Many ease functions are available from bevy_math:

• Linear

  f(t) = t

• QuadraticIn

  f(t) = t²

• QuadraticOut

  f(t) = -(t * (t - 2.0))

• QuadraticInOut

  Behaves as EaseFunction::QuadraticIn for t < 0.5 and as EaseFunction::QuadraticOut for t >= 0.5

• CubicIn

  f(t) = t³

• CubicOut

  f(t) = (t - 1.0)³ + 1.0

• CubicInOut

  Behaves as EaseFunction::CubicIn for t < 0.5 and as EaseFunction::CubicOut for t >= 0.5

• QuarticIn

  f(t) = t⁴

• QuarticOut

  f(t) = (t - 1.0)³ * (1.0 - t) + 1.0

• QuarticInOut

  Behaves as EaseFunction::QuarticIn for t < 0.5 and as EaseFunction::QuarticOut for t >= 0.5

• QuinticIn

  f(t) = t⁵

• QuinticOut

  f(t) = (t - 1.0)⁵ + 1.0

• QuinticInOut

  Behaves as EaseFunction::QuinticIn for t < 0.5 and as EaseFunction::QuinticOut for t >= 0.5

• SineIn

  f(t) = 1.0 - cos(t * π / 2.0)

• SineOut

  f(t) = sin(t * π / 2.0)

• SineInOut

  Behaves as EaseFunction::SineIn for t < 0.5 and as EaseFunction::SineOut for t >= 0.5

• CircularIn

  f(t) = 1.0 - sqrt(1.0 - t²)

• CircularOut

  f(t) = sqrt((2.0 - t) * t)

• CircularInOut

  Behaves as EaseFunction::CircularIn for t < 0.5 and as EaseFunction::CircularOut for t >= 0.5

• ExponentialIn

  f(t) = 2.0^(10.0 * (t - 1.0))

• ExponentialOut

  f(t) = 1.0 - 2.0^(-10.0 * t)

• ExponentialInOut

  Behaves as EaseFunction::ExponentialIn for t < 0.5 and as EaseFunction::ExponentialOut for t >= 0.5

• ElasticIn

  f(t) = -2.0^(10.0 * t - 10.0) * sin((t * 10.0 - 10.75) * 2.0 * π / 3.0)

• ElasticOut

  f(t) = 2.0^(-10.0 * t) * sin((t * 10.0 - 0.75) * 2.0 * π / 3.0) + 1.0

• ElasticInOut

  Behaves as EaseFunction::ElasticIn for t < 0.5 and as EaseFunction::ElasticOut for t >= 0.5

• BackIn

  f(t) = 2.70158 * t³ - 1.70158 * t²

• BackOut

  f(t) = 1.0 + 2.70158 * (t - 1.0)³ - 1.70158 * (t - 1.0)²

• BackInOut

  Behaves as EaseFunction::BackIn for t < 0.5 and as EaseFunction::BackOut for t >= 0.5

• BounceIn

  bouncy at the start!

• BounceOut

  bouncy at the end!

• BounceInOut

  Behaves as EaseFunction::BounceIn for t < 0.5 and as EaseFunction::BounceOut for t >= 0.5

• Steps(usize)

  n steps connecting the start and the end

• Elastic(f32)

  f(omega,t) = 1 - (1 - t)²(2sin(omega * t) / omega + cos(omega * t)), parametrized by omega

Compatible Bevy versions

The main branch is compatible with the latest Bevy release.

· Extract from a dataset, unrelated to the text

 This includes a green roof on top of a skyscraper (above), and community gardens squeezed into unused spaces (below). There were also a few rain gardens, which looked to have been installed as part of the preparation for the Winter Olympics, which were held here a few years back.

Compatibility of bevy_tweening versions:

Due to the fast-moving nature of Bevy and frequent breaking changes, and the limited resources to maintan 🍃 Bevy Tweening, the main (unreleased) Bevy branch is not supported. However the bevy_tweening crate is upgraded shortly after each new bevy release to support the newly released version.

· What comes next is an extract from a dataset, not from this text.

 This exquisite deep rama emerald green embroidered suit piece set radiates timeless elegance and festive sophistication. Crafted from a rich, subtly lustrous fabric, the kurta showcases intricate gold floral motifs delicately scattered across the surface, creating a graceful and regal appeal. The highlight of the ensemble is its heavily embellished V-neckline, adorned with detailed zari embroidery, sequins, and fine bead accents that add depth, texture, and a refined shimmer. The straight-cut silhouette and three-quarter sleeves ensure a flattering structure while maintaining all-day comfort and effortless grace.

Comparison with bevy_easings

The bevy_tweening library started as a fork of the bevy_easings library by François Mocker, with the goals to:

• explore an alternative design based on lenses instead of generic types for each easer/animator. This reduces both the number of generic types needed, and hopefully the code size, as well as the number of systems needed to perform the interpolation.
• improve the interpolation of assets to avoid creating many copies like bevy_easings does, and instead mutate the assets (and, by similarity, the components too) in-place without making a copy. The in-place mutation also allows a more optimal interpolation limited to modifying the fields of interest only, instead of creating a new copy of the entire component each tick.